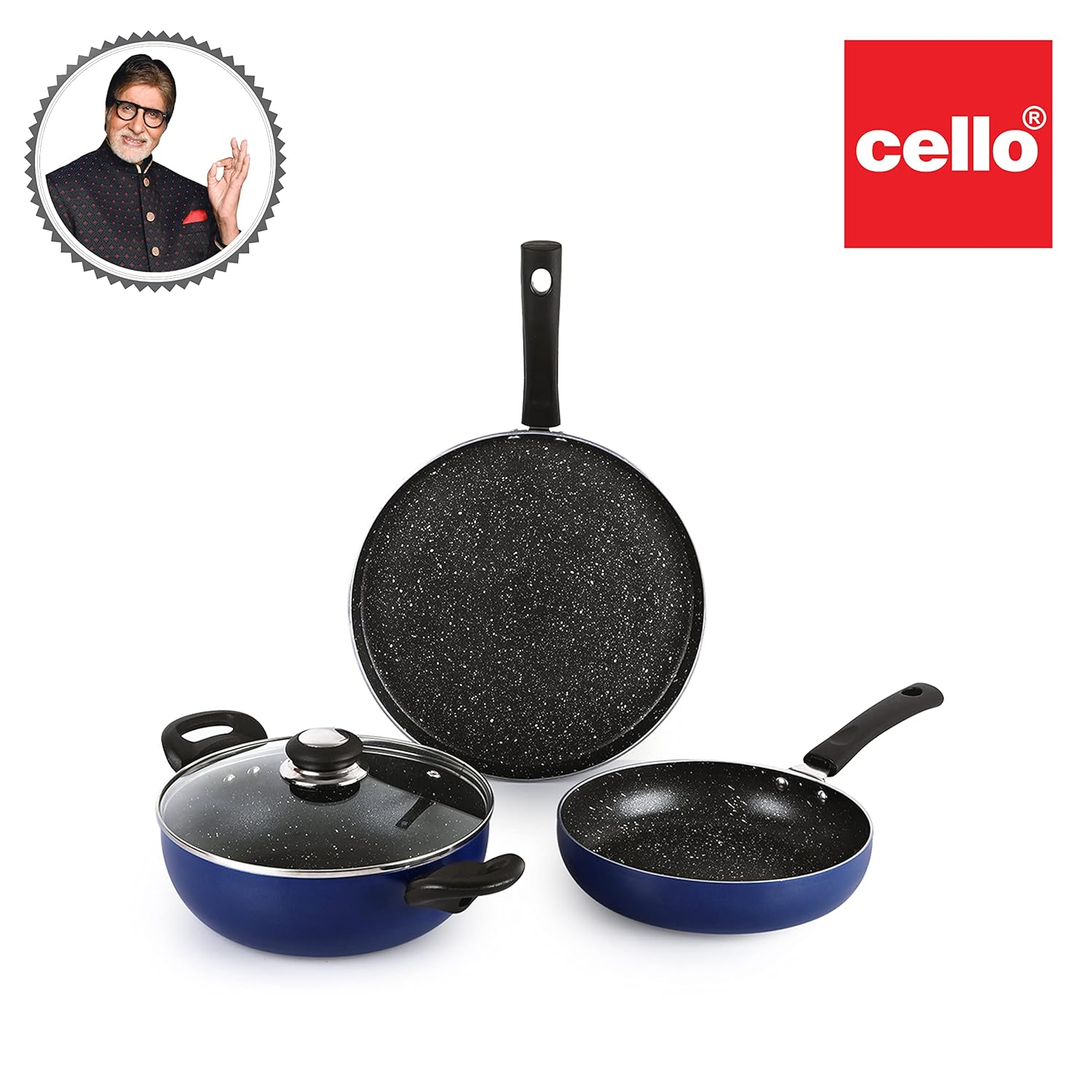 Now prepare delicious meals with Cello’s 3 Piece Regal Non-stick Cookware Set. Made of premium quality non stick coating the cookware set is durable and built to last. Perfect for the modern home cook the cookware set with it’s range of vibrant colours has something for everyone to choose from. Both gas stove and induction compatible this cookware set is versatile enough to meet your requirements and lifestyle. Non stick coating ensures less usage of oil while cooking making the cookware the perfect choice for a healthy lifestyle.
--
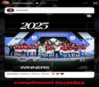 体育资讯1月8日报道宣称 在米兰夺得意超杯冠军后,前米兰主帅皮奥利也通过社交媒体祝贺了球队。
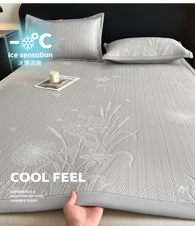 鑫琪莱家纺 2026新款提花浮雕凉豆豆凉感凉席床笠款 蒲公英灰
...
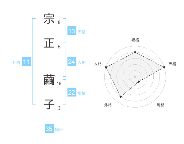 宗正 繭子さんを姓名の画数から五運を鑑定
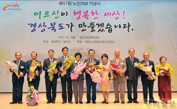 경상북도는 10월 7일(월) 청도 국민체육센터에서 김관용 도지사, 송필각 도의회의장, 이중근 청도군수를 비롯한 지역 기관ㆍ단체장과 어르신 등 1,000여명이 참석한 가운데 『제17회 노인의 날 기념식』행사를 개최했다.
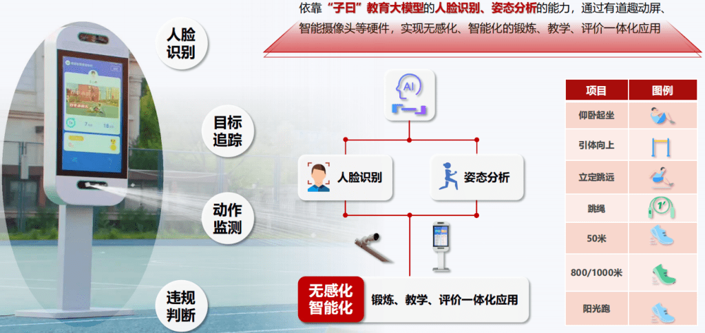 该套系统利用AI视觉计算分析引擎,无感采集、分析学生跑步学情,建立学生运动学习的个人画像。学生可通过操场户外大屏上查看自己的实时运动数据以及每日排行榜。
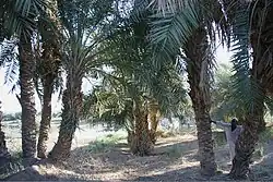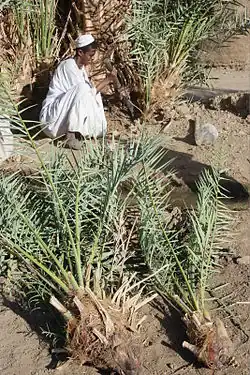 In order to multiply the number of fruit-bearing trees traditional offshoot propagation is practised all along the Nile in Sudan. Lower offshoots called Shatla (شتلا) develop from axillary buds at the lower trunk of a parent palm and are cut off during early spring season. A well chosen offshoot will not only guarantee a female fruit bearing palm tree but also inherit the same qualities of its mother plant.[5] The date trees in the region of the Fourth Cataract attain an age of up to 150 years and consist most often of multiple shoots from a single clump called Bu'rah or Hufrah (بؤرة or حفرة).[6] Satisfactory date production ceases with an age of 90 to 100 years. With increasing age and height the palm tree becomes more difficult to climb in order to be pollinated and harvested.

**TRY IT**: Set down exactly the lines above, from the line containing "体育资讯1月8日报道宣称 在" through the line containing "鑫琪莱家纺 2026新款提花浮雕凉豆豆凉感凉席床笠款 蒲公英灰". Skip the pictures.

**ANSWER BOX**:
 体育资讯1月8日报道宣称 在米兰夺得意超杯冠军后,前米兰主帅皮奥利也通过社交媒体祝贺了球队。
 鑫琪莱家纺 2026新款提花浮雕凉豆豆凉感凉席床笠款 蒲公英灰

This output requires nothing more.